E – Você acredita que, quando a sustentabilidade está na cultura da empresa, esse engajamento chega efetivamente à consciência dos funcionários dos escalões mais baixos?

RV – Depende muito da maneira como o tema é inserido no cotidiano da empresa. Se o líder escolhe caminhos que não sejam de imposição, que, por exemplo, passem por um incentivo para que cada uma das pessoas que trabalha na empresa entenda a importância da sustentabilidade e comece a praticar, então eu acho que esse nível de consciência acontece. Algumas empresas que acabam optando por modelos muito autoritários e não dão o tempo necessário para que se compreenda o sentido das mudanças e se entenda que elas vêm para melhorar o desempenho e não para criar um desvio de função ou outra atividade.

E – Que tipo de ferramenta você acredita ser efetiva para o engajamento dos colaboradores na questão da sustentabilidade?

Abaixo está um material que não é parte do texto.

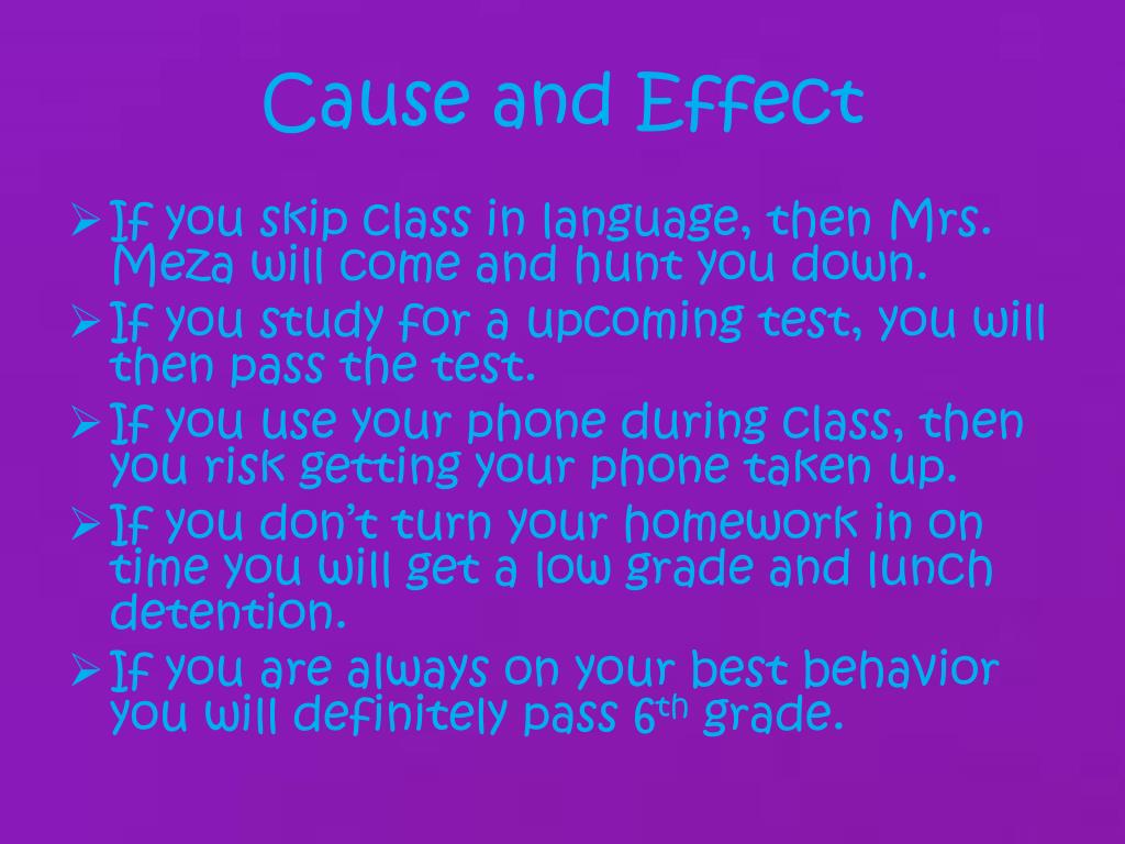 Cause and Effect • If you skip class in language, then Mrs. Meza will come and hunt you down. • If you study for a upcoming test, you will then pass the test. • If you use your phone during class, then you risk getting your phone taken up. • If you don’t turn your homework in on time you will get a low grade and lunch detention. • If you are always on your best behavior you will definitely pass 6th grade.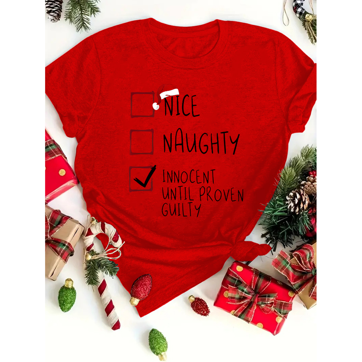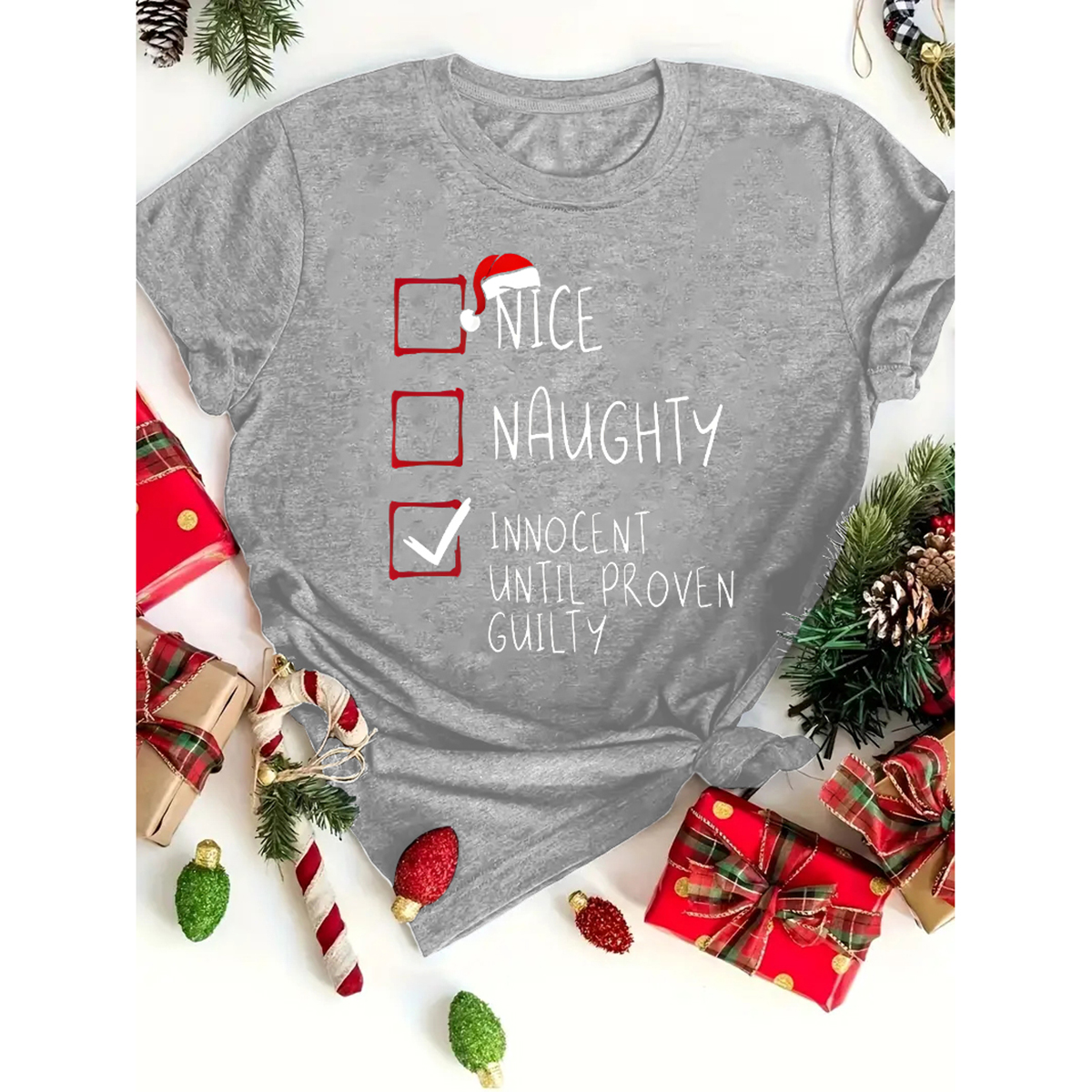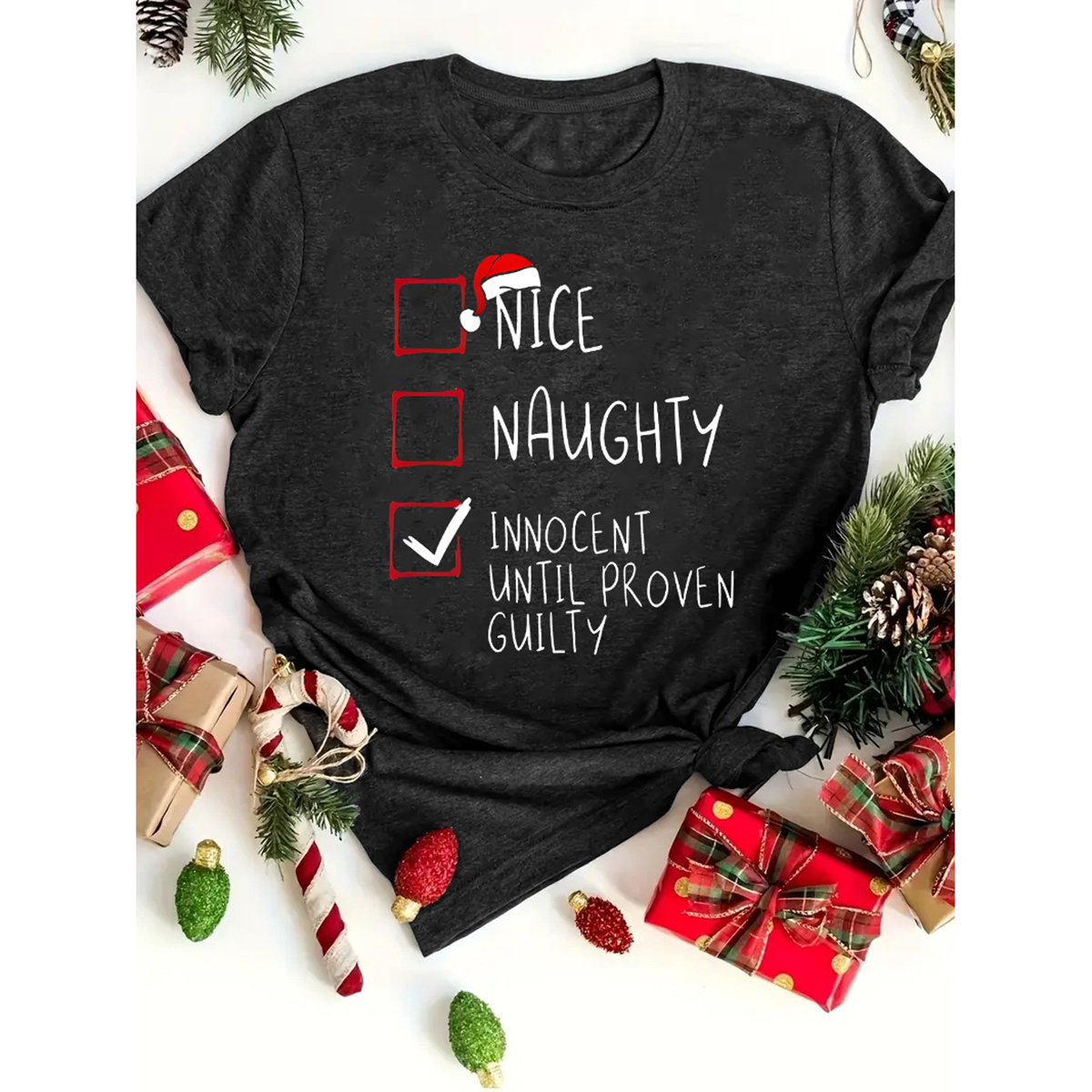 Womens Christmas Graphic Tee - Crew Neck, Micro Elasticity, Polyester, Semi-Sheer, Positioning Printing, Casual Short Sleeve Top for All Seasons

RV – A mais importante é quando a empresa atrela a remuneração variável aos resultados de sustentabilidade. Isto significa que o tema deixou de ser objeto de alguns projetos e iniciativas isoladas e entrou no planejamento. Você coloca o executivo para pensar não só no resultado econômico, mas também nas metas de sustentabilidade, isto é o que a gente chama de moldar o sistema de recompensa.

E – Essas empresas que estão engajadas na questão da sustentabilidade encontram algum tipo de entrave no mercado? O mercado está preparado para esta mudança?

RV – O mercado vem se preparando. Tenho uma tese de que a sustentabilidade é uma espécie de revisão do capitalismo. É como se fosse um novo elemento regulando o sistema. Isto obriga a uma revisão de princípios e práticas, que não acontece tão rapidamente, mas as empresas estão crescentemente mais abertas. Pela minha própria experiência pessoal, nos últimos cinco anos, a gente trabalhou dez vezes mais do que a gente trabalhou nos primeiros anos. O período de transição é longo. Algumas empresas estão preocupadas com o custo que essas mudanças podem trazer, e este é um raciocínio muito focado no curto prazo. Elas ficam adiando esses investimentos sob as mais diferentes alegações. Mas as empresas que são realmente líderes já entenderam a importância do tema e estão trabalhando para mudar.

E – As empresas que não mudarem, vão deixar de existir?

RV – Alguns setores empresariais não conseguem focar a sustentabilidade com um olhar de oportunidade. Eles enxergam como um risco. As mudanças necessárias vão alterar o seu modelo de negócio e essas empresas não querem correr esse risco. Imagino que vai acontecer com a sustentabilidade algo semelhante ao que aconteceu com a qualidade total. Na década de 1980, ela era um diferencial, hoje é uma exigência básica. Daqui a uns dez anos, a sustentabilidade vai ser um pré-requisito para se atuar em qualquer negócio. Se você não tiver, você está fora. E isto virá por meio de regulações públicas e autorregulações, e dos consumidores que exigirão das empresas que elas tenham esses compromissos.